FORMER employees at Zvishavane-based platinum producer, Mimosa Mining Company, are set to pocket windfalls after the pension fund finalised compensation payment modalities for pre-2009 pension losses.

A subsidiary of the Impala Platinum (Implats) Group, Mimosa, is a major employer in the extractive sector, whose pensioners lost value of their savings around 2009.

The lnsurance and Pensions Commission (IPEC) in March this year deferred compensation payments after receiving pension funds submissions that were not compliant with statutory provisions.

In a statement Friday, IPEC confirmed Mimosa Pension Fund has regularised its position and will soon start disbursements to deserving pensioners.

"The Insurance and Pensions Commission (IPEC) wishes to inform stakeholders that it has approved Mimosa Pension Fund's pre-2009 compensation scheme after it complied with all the requirements of Statutory Instrument 162 of 2023 (pre-2009 pension compensation regulations).

"The approval paves the way for the fund to commence the compensation exercise.

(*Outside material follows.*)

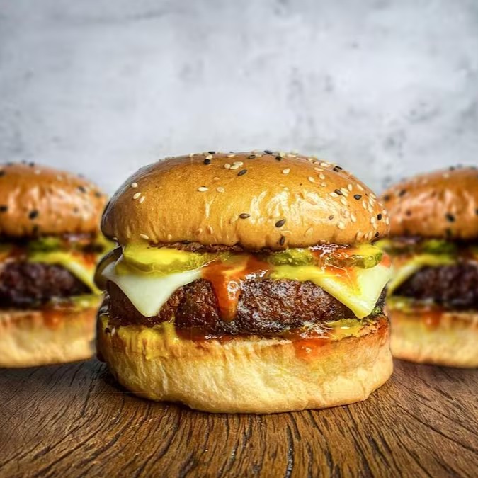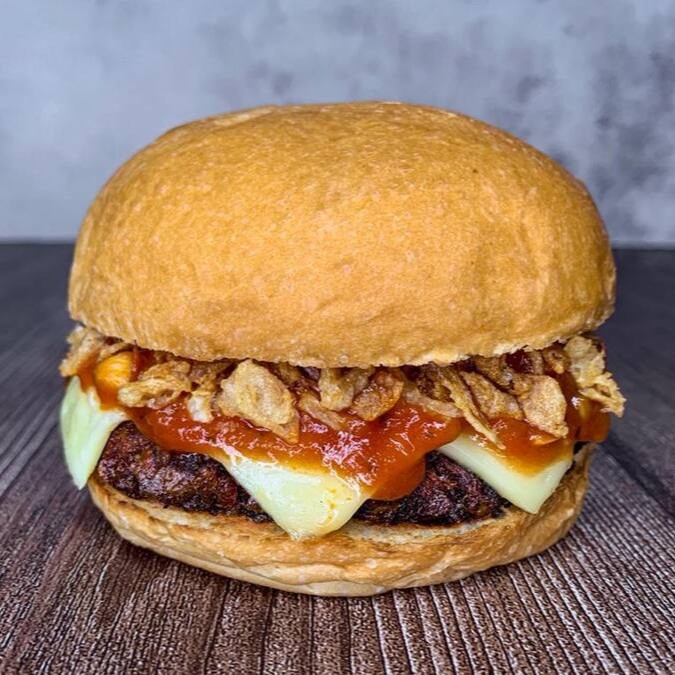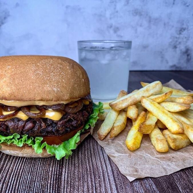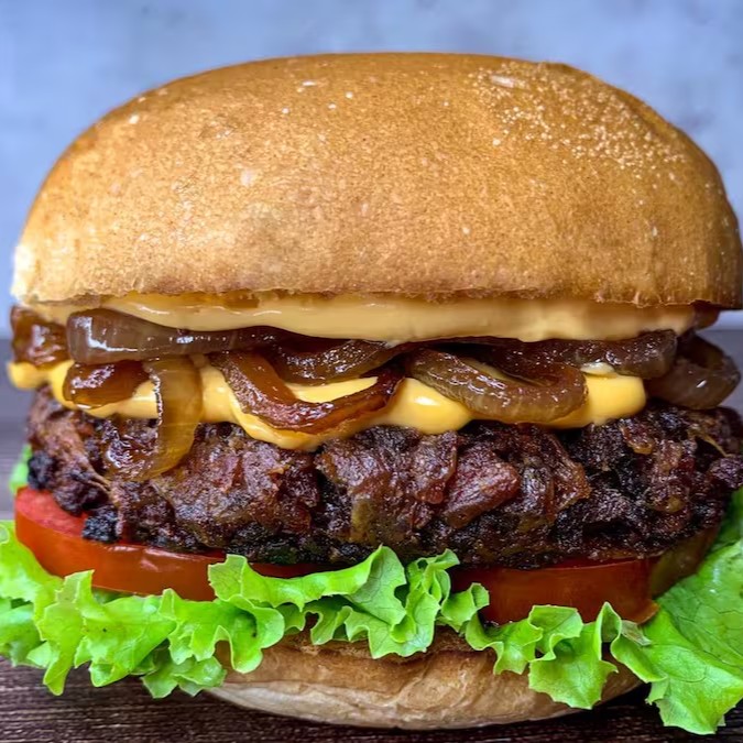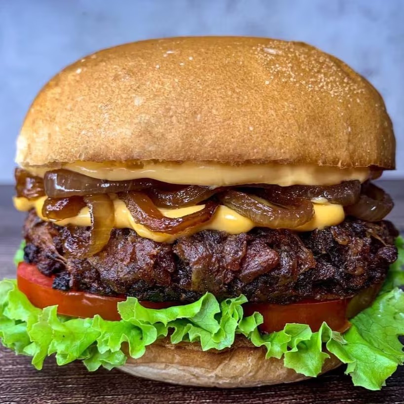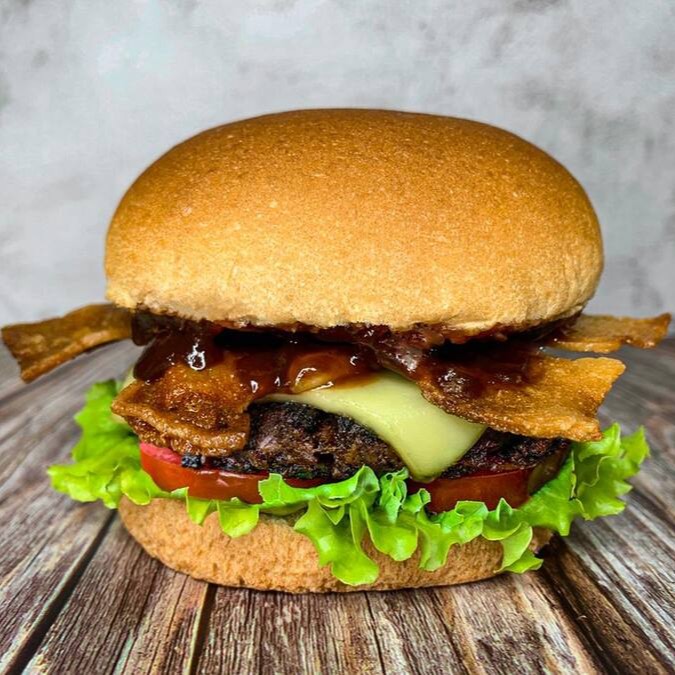 Nosso Cheddar Bacon Burger, é feito com nosso delicioso burger a base de plantas, cheddar cremoso, Fatias de bacon vegano e Cebola caramelizada! Meu Deus, uma delicia!!

"Once a compensation scheme is approved, the pension fund will directly communicate with eligible members regarding the payment modalities," reads a statement from the regulator.

Meanwhile, IPEC is reportedly working with other funds that are close to complying with the requirements of the compensation regulations, to facilitate their compliance, so that their compensation matrixes can also be approved.

In the same vein, authorities are pushing for prosecution of errant pension funds, some of which reportedly wiped-out savings which do not have trace.

"The Commission is in the process of instituting criminal proceedings against non-compliant entities in line with Statutory Instrument 162 of 2023."

Between 2007 and 2009, Zimbabwe's economy experienced supersonic inflation, which eroded the value of savings including pensions.

Government in 2015 constituted a Commission of Inquiry led by retired judge, Justice George Smith, to investigate the causes and extent of the loss of value of life insurance policies and pensions suffered by policyholders and pensioners following the conversion of the Zimbabwe dollar policies to foreign currency in 2009.

The inquiry panel found out that most policyholders and pensioners were prejudiced during the conversion process and recommended that they be compensated.

Following the gazetting of the compensation framework in 2023, IPEC called on the industry to submit compensation plans for approval.

In March this year, the regulator reported that none of the 1 249 assessed compensation schemes were approved due to non-compliance with the provisions of Statutory Instrument 162 of 2023 (compensation regulations). Therefore, Mimosa Pension Fund becomes the first to get approval.